De ware Sioniet stelt zich Sion voor, hij haalt ’t geheel voor zijn geest. Hij gedenkt hoe de Heere voor dezen, rijkelijk Zijn gunst heeft bewezen. Hij herinnert zich de wonderheden des Allerhoogsten van ouds af en dit alles gaat hij vergelijken bij ’t heden, vol ellende. Dan moeten de tranen vloeien.
Zoo gaat ’t ook met ’t geestelijk bondsvolk, dat in ballingschap verkeert. Met David getuigen ze: „’k Denk aan U, o God in ’t klagen” en met eejti Asaf spreken ze in ontroering des harten: „Dacht ik aan God, zoo maakte ik misbaar, peinsde ik, zoo werd mijn ziel overstelpt.”
Zulke menschen houden niet op met treuren en ze zijn niet eerder tevreden, voordat die God, Dien zij moed-en vrijwillig ’t hart en den rug toegekeerd hebben, zich over hen ontfermt en hen troost. Niemand anders kan hun verdriet wegnemen.
Israël laat zich niet troosten door Babel, ’t laat zich niet overhalen, om een lied van Sion te zingen, als men dit van hen vraagt. De vijand spot eigenlijk met Israels toestand. Eerst brengt men ’t bondsvolk in ballingschap en dan zegt men: „Zing toch van Sion”.
Hoe ongevoelig! Israël kan niet verblijd zijn. De harpen hangen aan de wilgen. Geen lied Sions kan klinken in een vreemd land.
Een bekommerde kan wel denken aan Sion, maar niet zingen van Sion, of ’t moest een klaagzang zijn.
Geeft dan de Heere hier in ’t Babel der ballingschap, geen zangen aan zijn volk? O zeker! Immers de dichter jubelt: Uw getuigenissen zijn mijn gezangen ter plaatse mijner vreemdelingschappen.” Zit echter een ziel terneder in rouw over haar schuld en gemis, zoo heeft zij slechts „een lier met ééne snaar.”
Maar al zwijgt de harp, ’t hart spreekt een klare taal, de taal van ’t heimwee des geloofs.
„Indien ik u vergeet, o Jeruzalem, zoo vergete mijn rechterhand zichzelve!
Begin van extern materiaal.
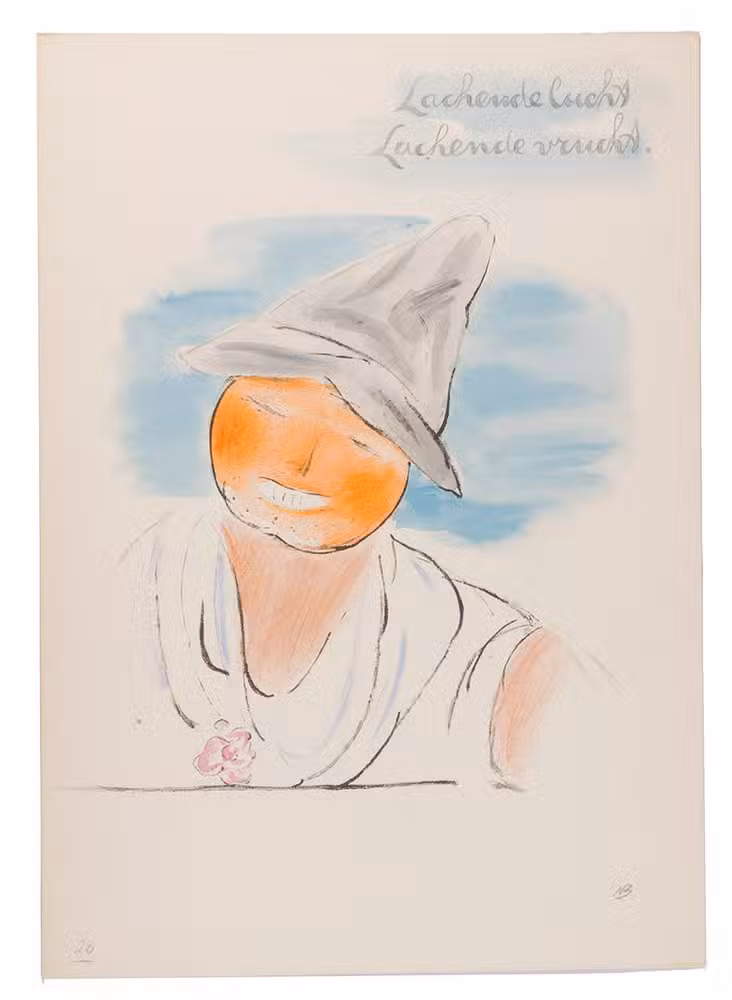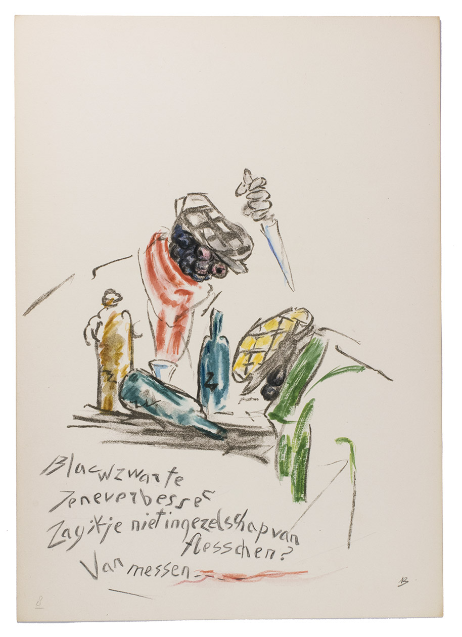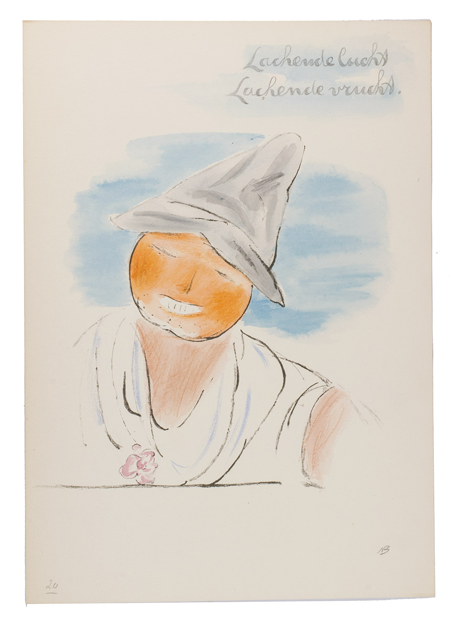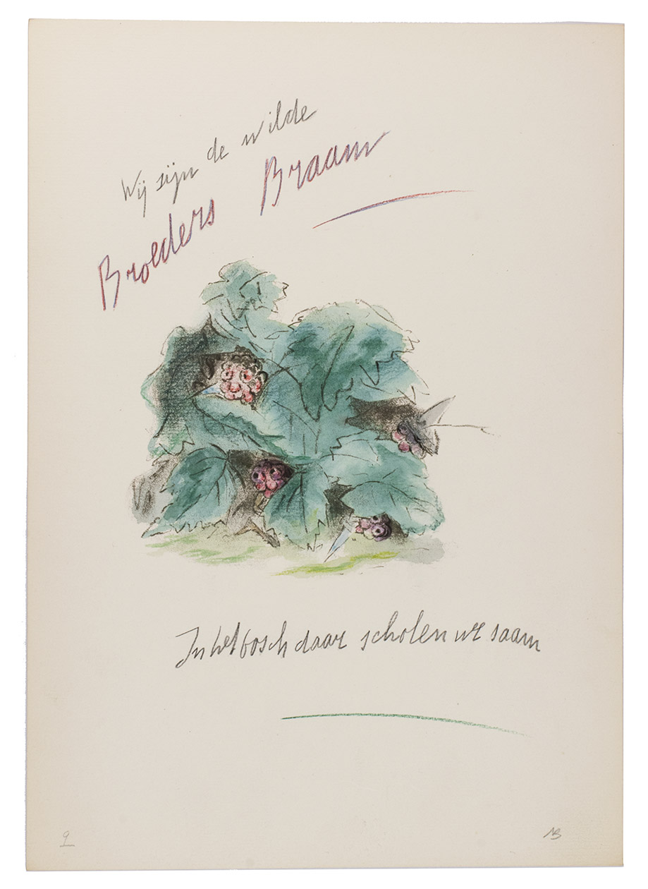 Limited edition - no. 1 of 7 - of the rarer portfolio edition of a remarkable early 20th-century illustrative work by the renowned Dutch artist and illustrator of children's books Nelly Bodenheim. The present work contains the short rhymes (verses) by Lizzy Ansingh, together with the strinking colourful and humoristic illustrations of anthropomorphic fruits,nuts, and vegetables - including lemons, grapes, a pear, radishes, a red pepper, almonds, blackberries, apricots, cherries, and a leek.
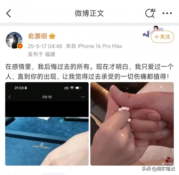 去年 5 月 17 日凌晨,他突然在社交平台晒出钻戒照和拉钩照,还配文:"直到你的出现,让我觉得过去承受的一切伤痛都值得!"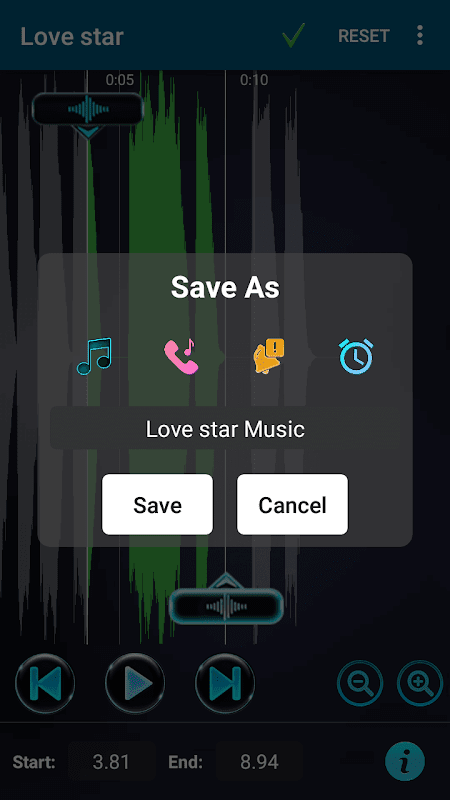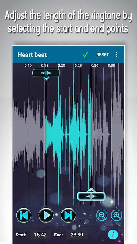 - Stel het begin/eindpunt voor een precieze en perfecte knippertoon aan. Raak de waveform editor aan om de lengte van de beltoon aan te passen door de start en eindpunten te selecteren!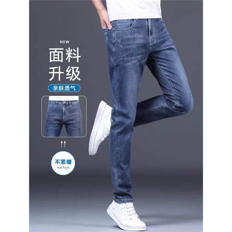 夏天冰丝牛仔裤男夏季薄款宽松直筒高端广州新塘男裤超薄休闲裤子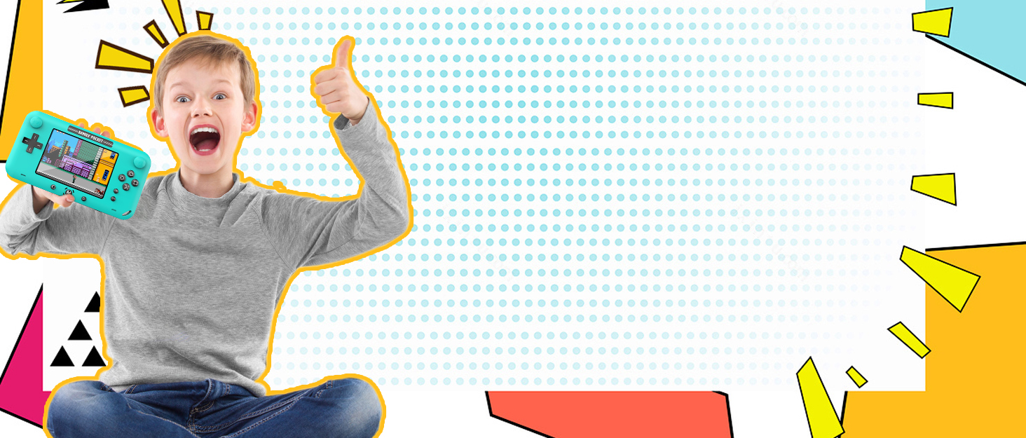 Kids’ handheld game console with 168 video games. Great for long trips, queues, party favors and birthday gift for kids.

Mijn tong kleve aan mijn gehemelte, zoo ik Jeruzalem niet verheffe boven het hoogste mijner blijdschap.” De Joden wilden liever, dat hun rechterhand verlamde, dan dat ze niet meer met liefde aan de stad des grooten konings zouden denken.
Kunt ge in uw ballingschap ook getuigen, ’k zag liever mijn rechterhand verdorren, of mijn tong kleve aan mijn gehemelte, d.w.z. ik wil liever geen woord meer spreken, dan dat ik niet meer aan God en zijn heil in den Christus gedacht?
Verheft gij den Heere en zijn zaligen dienst boven ’t hoogste van uw blijdschap?
Kunt ge zeggen in oprechtheid des harten: „Heere, priem mij liever met scherpe doornen, ontneem mij liever alles, als ik U maar weer in Uw gunst mag ontmoeten?”
Alleen Gods genade, alleen de werking des Heiligen Geestes kan u er toe leiden om deze vragen toestemmend te beantwoorden.
Velen echter bekommeren zich niet om hun Godsgemis. De roepstem des Heeren klinkt niet tot hen door en de nood der tijden brengt hen niet in de verootmoediging.
De Heere brenge u heden nog tot inkeer, opdat ge rechte kennis van uw ballingschap krijgen moogt.
Ja het worde in deze donkere dagen bevestigd: „Wanneer uw gerichten op aarde zijn, zoo leeren de inwoners der aarde gerechtigheid! Het gezang en ’t gerei verstomme! De harpen aan de wilgen!”
De harpen aan de wilgen, bekleed u met ’t rouwgewaad o volk des Heeren, want ge hebt twee boosheden begaan. God den springader des levenden waters verlaten en uzelf bakken uitgehouwen, gebroken bakken, die geen water houden. En nu kunt ge zelf niets herstellen, wel alles bederven! Wel hebt ge ’t vermogen om u in ballingschap te brengen, doch u zelf uit Babel verlossen en weder te keeren, ziet dat is een onmogelijkheid.
Maar de Heere gedenkt aan Zijn verbond. Hij zocht Israël weer op. Hij bracht ’t in ballingschap, opdat zij zouden leeren weer naar de oude paden te vragen. De Heere voert na tegenheden weer op ’t rechte pad. Na zeventig jaren keert Israël terug naar Kanaan. Dan nemen ze de harpen van de wilgen. Dan klinken liefelijk de liederen Sions.
Ja, de zangtijd zal straks genaken. Bij den Heere is veel vergeving, opdat Hij gevreesd zou worden. Milde handen, vriendelijke oogen zijn bij Hem van eeuwigheid. Hij geeft weder de vreugde Zijns heils. Den treurenden Sions wordt gegeven sieraad voor asch, vreugdeolie voor treurigheid en ’t gewaad des lofs voor een benauwden geest. Dan zingen zij met hart en mond:

„Gij hebt mijn weeklacht en geschrei
Veranderd in een blijden rei.”

Bunschoten. Brandsma

Dit artikel werd u aangeboden door: De Wekker

Deze tekst is geautomatiseerd gemaakt en kan nog fouten bevatten. Digibron werkt voortdurend aan correctie. Klik voor het origineel door naar de pdf. Voor opmerkingen, vragen, informatie: contact.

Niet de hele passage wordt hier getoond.